[Exercise requirements] The answer must consist solely of the lines from the opening line of the entries through the line with "The NAPLES floor", transcribed exactly and without any pictures.
++++ Data to process
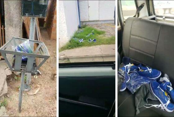 Nas imagens, um homem que não se identifica chega a recolher um dos kits de dentro de uma lixeira. Em determinado momento, ele mostra o fundo do carro com vários desses kits que, segundo ele, foram recolhidos nas vias do bairro.
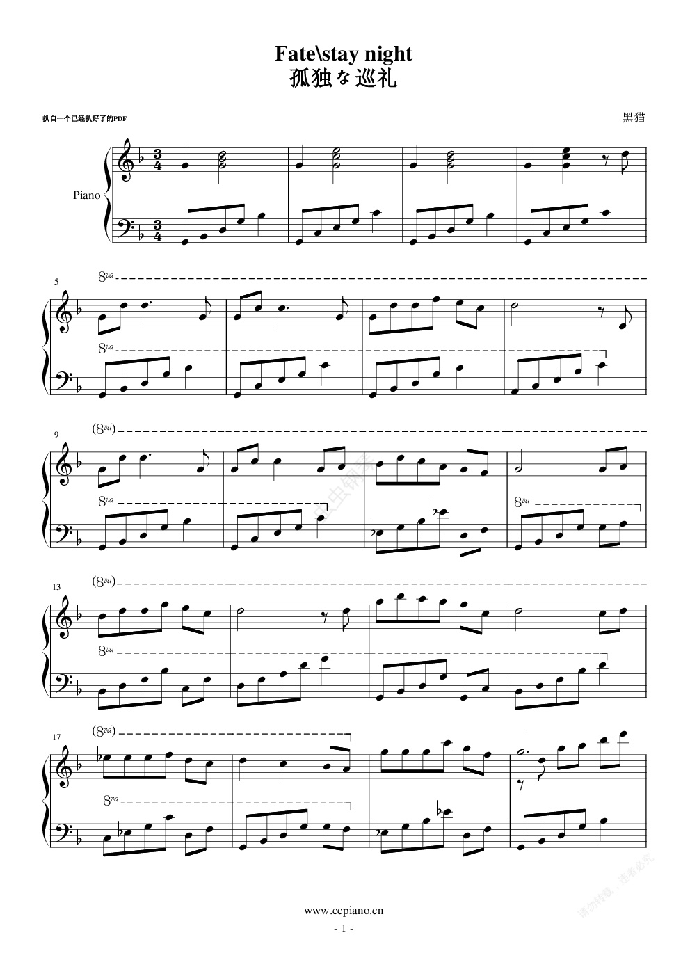 钢琴谱:Fate_stay night 孤独な巡礼
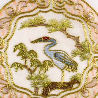アンティーク コースター 敷物 鶴の刺繍 中国骨董 金雲 GOLDEN CLOUD
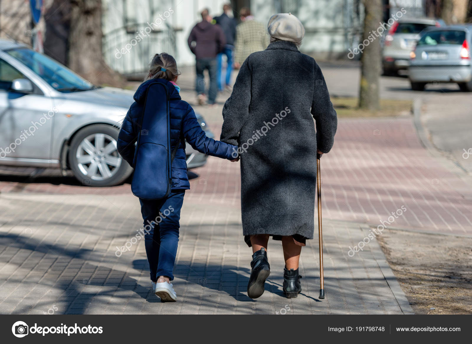 Una anciana caminando por la calle con un bastón y una niña pequeña va con ella. Vista desde atrás .: fotografía de stock © askoldsb #191798748 | Depositphotos
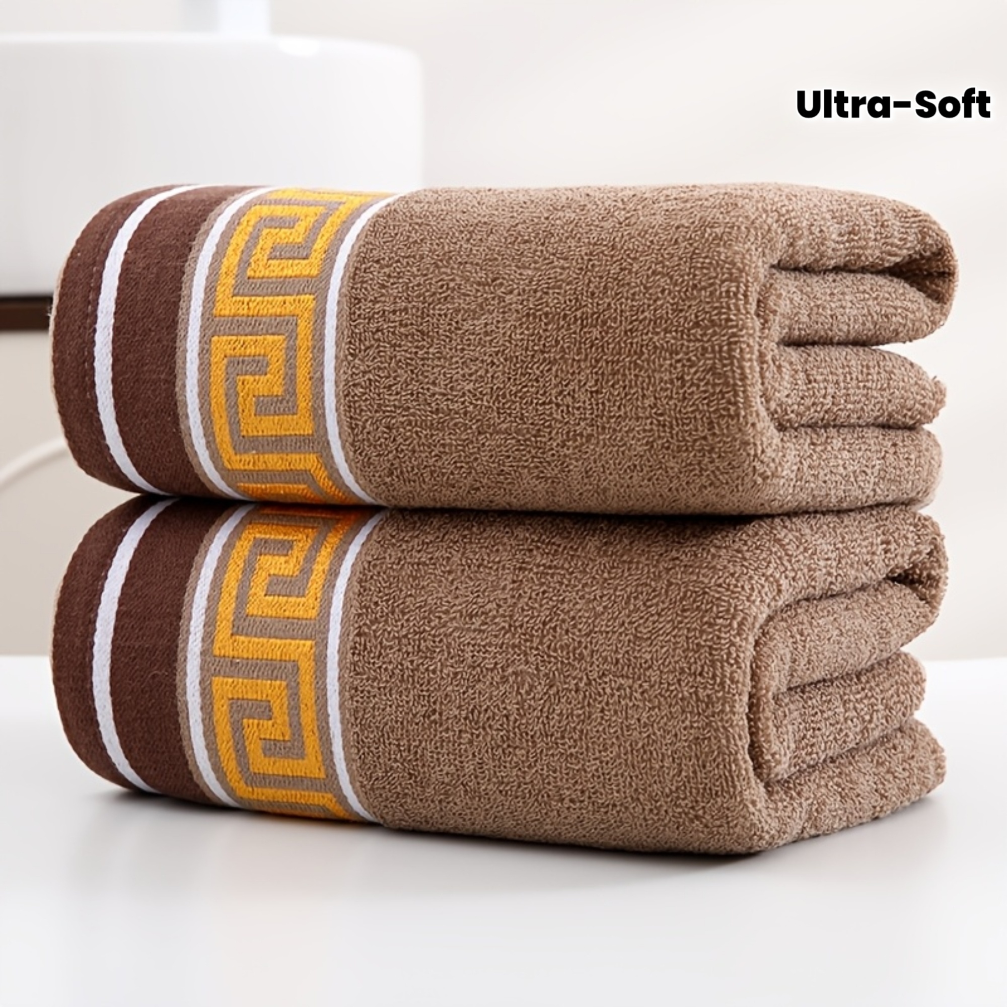 2 pièces Serviette de Bain en Coton Pur 70x140cm, Motif Géométrique de la Grande Muraille, Ultra-Douce et Haute Absorbance, Essentielle pour la Salle de Bain ou les Voyages, Fournitures pour les Fêtes de Noël, Serviette de Bain Décorative, Plusieurs Coule
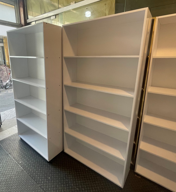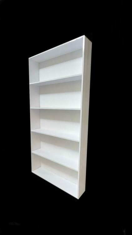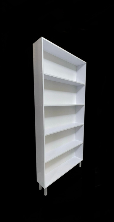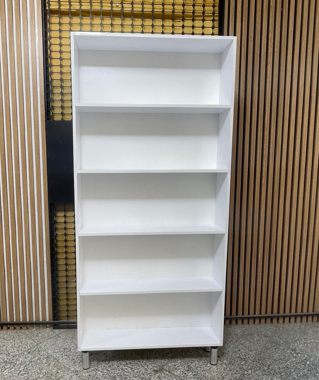 قفسه و کتابخانه سفید براق پنج طبقه – عرض ۹۰، عمق ۲۰ سانتیمتر – ساده، باریک و مناسب فضاهای مینیمال
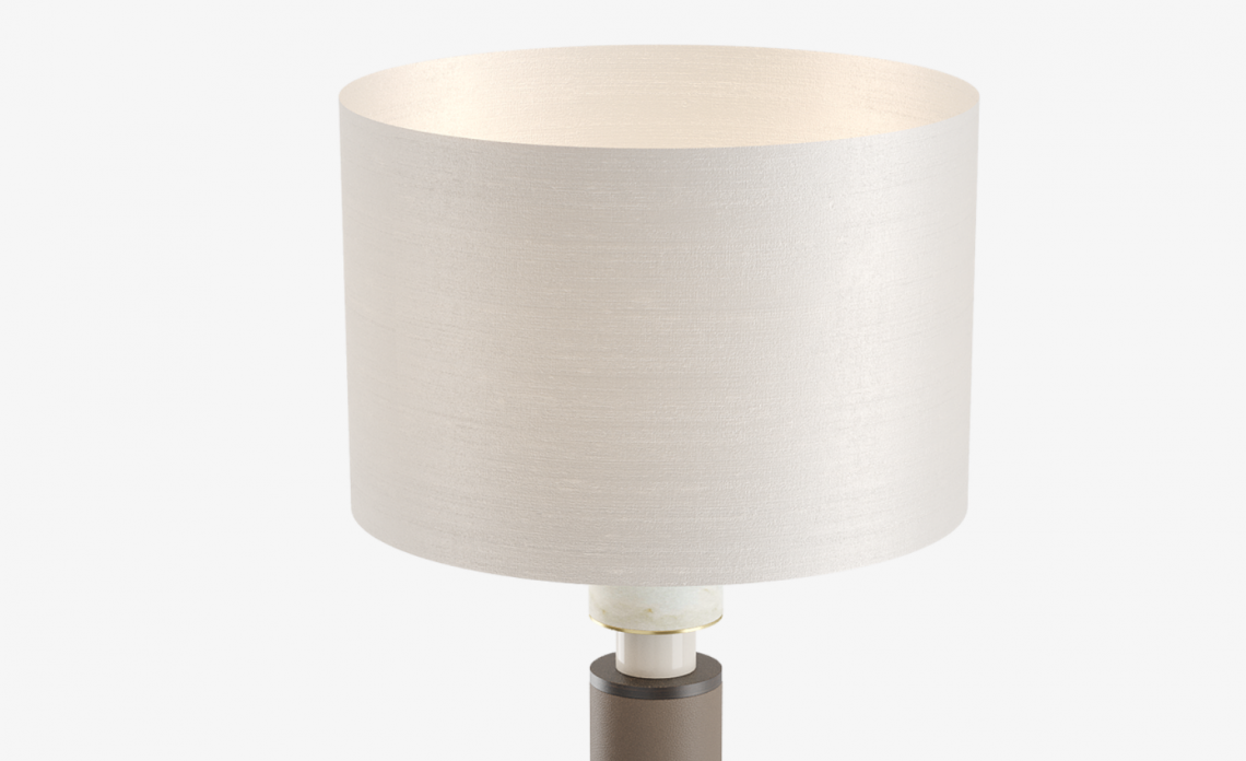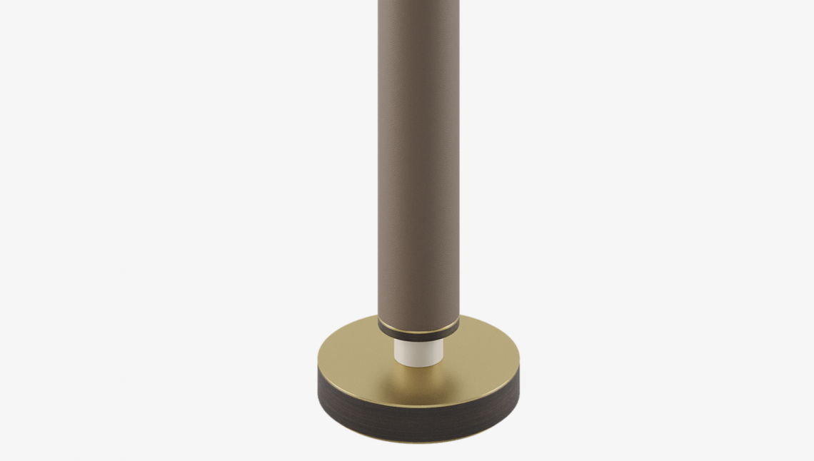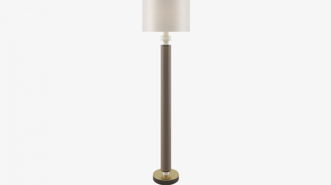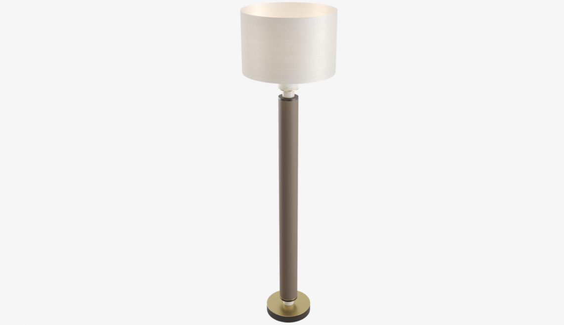 The NAPLES floor light plays with proportions and materials, combining a bijou base of brushed brass and solid wood with a generous stem finished in luxe leather.
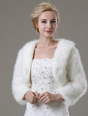 Bílé Umělé Kožešiny Šály Svatební Šály Zimní Kabáty Bundy Udržte se v teple Svatební Dlouhý Rukáv Umělé Kožešiny Podzimní Svatební Host Šály S Čistou Barvou Pro Svatební oblečte se aby zapůsobila
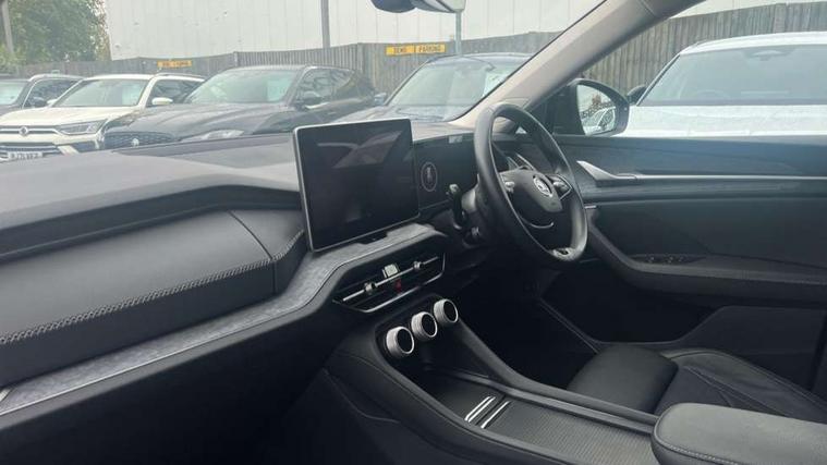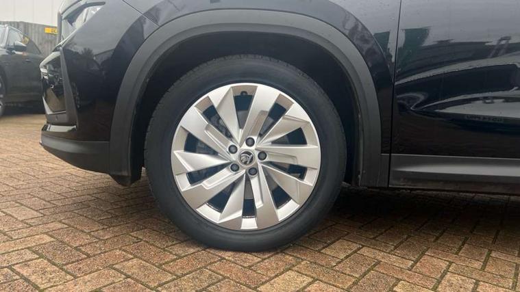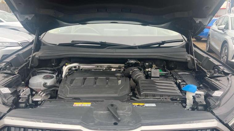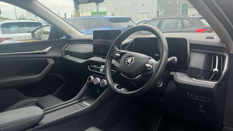 13" satellite navigation touchscreen display, Blind spot detection with door exit warning, Bluetooth system, Drive mode selector, Driver alert with fatigue sensor, Driver drowsiness alert system, Dry display cleaner, e call+, Front cross traffic assist, Lane assist, PAS, Rear traffic assist, Tailgate unlocking from outside, Traffic sign recognition, USB C Port x 2 in front centre console, Virtual Cockpit - 10.25" digital display, Voice control system, Wireless charging for two smartphones (15W) with cooling function, Wireless SmartLink for Apple CarPlay and Android Auto, Stop/start function, 2x USB-C in the rear, DAB Digital radio, Aero front windscreen wipers with intermittent function, Auto dimming rear view mirror, Black wheel arch surrounds, Body colour bumpers, Body colour door mirrors and handles, Cornering light and poor weather light, Electric folding /adjustable/separted heated/folding door mirrors, auto dimming with boarding sports and memory function, Electric front and rear windows, Heat insulating glass in windshield, Heated rear window, Ice scraper in fuel tank cap, Invisible tailpipe, LED daytime running lights, LED rear fog light, LED third brake light in rear spoiler, Light assistant with automatic headlight control and coming home feature, Logo projection in door mirrors, Privacy glass, Rear side wing doors, Rear spoiler, Rear window wiper, Safety reflectors on front and rear doors, Window control switches with black trim, Windscreen wipers with rain sensor, Without engine designation, 1.5l bottle holder points in all door, 12V socket in boot, 1x centre rear reading light, 2 seat bench in 3rd row, 3 configurable smart dials with 32mm coloured display, 3 seat bench in 2nd row, 4 foldable roof handles with rear coat hooks, Automatic gear selector on steering wheel, Chrome interior door handles, Driver/front passenger reading lights, Fabric headlining, Fixed bench 40:60:40 split folding backrests, Front and rear floor mats, Front centre armrest with jumbo box storage compartment, cup holder and 12V socket, Front courtesy lights, Height adjustable front headrests, Interior ambient lighting, Isofix child seat fittings in outer rear seats and front passenger with top tether, Manually adjustable steering column, Pollen filter, Rear centre armrest with cupholders, Rear seat boot backrest release, Retractable luggage compartment cover, Single front passenger seat, Sliding trunk cover, Small Bags on the inner sides of the front backrests, Storage pocket including mobile phone pockets on the backs of the front seats, Sunvisors with illuminated vanity mirrors, Three rear height adjustable headrests, Ticket holder on A Pillar, Tri zone climate control, Umbrella in door panel x1 made from sustainable materials, Upper and lower glovebox with card holder and coin compartment, USB C port by rear view mirror for charging only (15W), Exterior styling package - Kodiaq, Auto door release and activation of warning lights in the event of an accident, Driver and front passenger airbag with knee airbag and front passenger airbag deactivation, Electric child locks, Electronic parking brake, ESC (incl. ABS+EMD+MSR+ASR+EDL+HBA+DSR+RBS+ESBS+MCB+TSA+XDS), Front assist with braking reaction to vehicles, pedestrians and cyclists, Front disc brakes, Fuel cut off safety device, Height adjustable front 3 point seatbelts + pretensioners, Hill hold control, Junction assist with automatic emergency braking, Rear disc brakes, Safety vest holder in door, Seat belt reminder for all seats, Three point rear seat belts, Two tone horn, Tyre pressure monitor, Anti-theft wheel bolts, Immobiliser, Remote central locking with 2 keys, Black/grey fabric with green cross stitching on dashboard, Swan feathers grey dashboard and door decorative inserts, Breakdown kit,
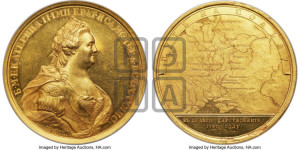 Аверс: Б • M • ЕКАТЕРИНА • II • IМПЕРАТ • ИСАМОДЕРЖ • ВСЕРОССIИС •
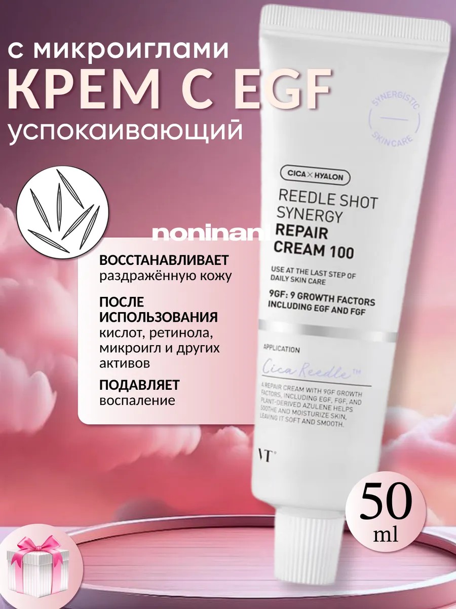 Крем VT Cosmetics Reedle Shot Synergy Repair Cream 100 восстанавливает раздражённую кожу, запускает регенерацию повреждений после использования кислот, ретинола, микроигл и других активов.
++++++++
[Output]
 Nas imagens, um homem que não se identifica chega a recolher um dos kits de dentro de uma lixeira. Em determinado momento, ele mostra o fundo do carro com vários desses kits que, segundo ele, foram recolhidos nas vias do bairro.
 钢琴谱:Fate_stay night 孤独な巡礼
アンティーク コースター 敷物 鶴の刺繍 中国骨董 金雲 GOLDEN CLOUD
 Una anciana caminando por la calle con un bastón y una niña pequeña va con ella. Vista desde atrás .: fotografía de stock © askoldsb #191798748 | Depositphotos
 2 pièces Serviette de Bain en Coton Pur 70x140cm, Motif Géométrique de la Grande Muraille, Ultra-Douce et Haute Absorbance, Essentielle pour la Salle de Bain ou les Voyages, Fournitures pour les Fêtes de Noël, Serviette de Bain Décorative, Plusieurs Coule
 قفسه و کتابخانه سفید براق پنج طبقه – عرض ۹۰، عمق ۲۰ سانتیمتر – ساده، باریک و مناسب فضاهای مینیمال
 The NAPLES floor light plays with proportions and materials, combining a bijou base of brushed brass and solid wood with a generous stem finished in luxe leather.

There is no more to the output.